Gemini AI integration

SvaraAI uses Google’s Gemini AI to analyze conversation transcripts and emotional data, generating personalized insights and reflections based on the user’s voice interactions.

Overview

The Gemini AI integration processes:

Conversation transcripts: Full text of user and assistant messages
Emotional data: Aggregated emotion scores from Hume AI
Context-aware prompts: Customizable system prompts for tailored responses

Gemini generates concise, actionable insights that help users understand their emotional state and conversation patterns.

Prerequisites

Before you begin, ensure you have:

A Google Cloud account with Gemini API access
Gemini API key from Google AI Studio or Cloud Console
Configured custom prompt template

Installation

Obtain API key

Get your Gemini API key from Google AI Studio.
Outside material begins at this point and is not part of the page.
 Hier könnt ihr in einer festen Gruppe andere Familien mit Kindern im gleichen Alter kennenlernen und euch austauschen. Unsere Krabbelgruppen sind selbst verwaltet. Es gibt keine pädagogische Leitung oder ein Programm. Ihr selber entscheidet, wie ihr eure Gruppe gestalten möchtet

Configure environment variables

Add your Gemini credentials to the backend environment:

Backend/.env

GEMINI_API_KEY=your_api_key_here
GEMINI_PROMPT="Your custom prompt template with {{transcript}} and {{emoData}} placeholders"
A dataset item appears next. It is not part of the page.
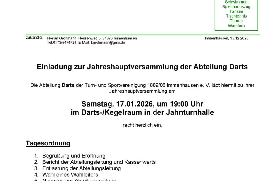 Bei uns findest Du neben den klassichen „nordhessischen“ Sportarten wie Fußball, Handball, Tischtennis oder Turnen auch Darts, Judo, Freizeitsport und Tanzen. Ebenfalls kannst du dich bei Kegeln, Leichtathletik, im Spielmannszug oder beim Wandern aktiv betätigen. Und da Immenhausen ein Schwimmbad hat, gibt es bei uns natürlich auch eine Abteilung Schwimmen. Falls dir diese Abteilungen noch nicht zusagen, gibt es noch zahlreiche Fitness- und Gesundheitskurse wie Zumba, Power Pump, Yoga oder Bodyworkout. Möchtest du dein Rehaprogramm bei uns absolvieren sprich uns in der Geschäftsstelle (Telefon: 05673-3400) an oder schreibe uns per E-Mail: .

The GEMINI_API_KEY should never be exposed in client-side code. All Gemini requests must go through your backend.

Backend implementation

API endpoint setup

Create an Express route to handle Gemini requests:

Backend/routes/gemini.ts

import express, { Request, Response } from 'express';
import dotenv from 'dotenv';
import path from 'path';

dotenv.config({ path: path.resolve(__dirname, '../../.env') });

const router = express.Router();

router.post('/', async (req: Request, res: Response): Promise<void> => {
  try {
    const { transcript, emoData } = req.body;

    if (!transcript) {
      console.error('No transcript provided');
      res.status(400).json({ error: 'Transcript is required' });
      return;
    }
    
    const emotionData = emoData || {};

    const apiKey = process.env.GEMINI_API_KEY;
    if (!apiKey) {
      console.error('GEMINI_API_KEY is missing from environment variables');
      res.status(500).json({ error: 'Unable to process your request at this time' });
      return;
    }

    // Process and send to Gemini
    // ... (implementation below)
  } catch (error: any) {
    console.error('[Gemini API Error] An error occurred:', error);
    res.status(500).json({
      error: 'Unable to process your request at this time'
    });
  }
});

export default router;

Formatting emotion data

Process raw emotion scores into a human-readable format:

Backend/routes/gemini.ts

const formattedEmoData = Object.entries(emotionData)
  .sort(([, a], [, b]) => (b as number) - (a as number))
  .slice(0, 3)  // Top 3 emotions
  .map(([emotion, score]) => `${emotion}: ${((score as number) * 100).toFixed(1)}%`)
  .join('\n');

This sorts emotions by intensity and selects the top 3 most prominent emotions, formatting them as percentages for better readability.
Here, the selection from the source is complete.